Hilma af Klint grew up in a wealthy, noble family. Her father, a naval officer, encouraged her painterly talent early on and enabled her to study at the Royal Academy of Liberal Arts in Stockholm. In accordance with her training, she initially created conventional landscape paintings and portraits. In addition to painting, af Klint showed a spiritual and theological interest as a teenager, which was intensified by the early death of her sister. She participated in séances, acted as a medium, and joined Rudolf Steiner's Theosophical Society, which was nothing unusual in circles of artists and intellectuals at the time.
The painter was in her mid-forties when she broke away from her conservative, naturalistic way of painting at the beginning of the 20th century and let the spiritualistic experiences flow into her new works as a source of inspiration. On this she noted, "What I needed was courage. And I found it through the influence of the spiritual world, which gave me rare and wonderful instructions." She was convinced that the paintings had been painted right through her. It was also the time when the development of relativity and quantum physics were to shake people's concept of reality. These new findings also broke their way into af Klint's works, as can be seen from the title of her "Atom" series. The spiritual, invisible world should become visible in her pictures.
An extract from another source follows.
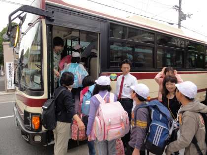待ちに待った花背山の家!いよいよ出発の日が来ました。今までの準備は万端。みんな笑顔で出発式を終え,元気にバスに乗り込みました。体調を崩している子もいますが,3日目には,全員がそろいます。はてさて,4日間,どんなドラマが・・・楽しみです。では,「行ってきま〜す!!」

The explosive power of the images was certainly aware of the artist. She did not exhibit the modern works and decreed that they should not be shown publicly until twenty years after her death, assuming that her contemporaries would not be able to grasp the full significance of her work. Her assessment was confirmed in that it would take until the 21st century for her work to be more adequately appreciated. Hilma af Klint was not only a loner artistically, but this did not seem to make her unhappy. In one of her numerous notebooks she recorded: "There is such a force flowing in me that I must go forward. Marriage and family happiness are not made for me." In 1944, she died as a result of a traffic accident with a streetcar.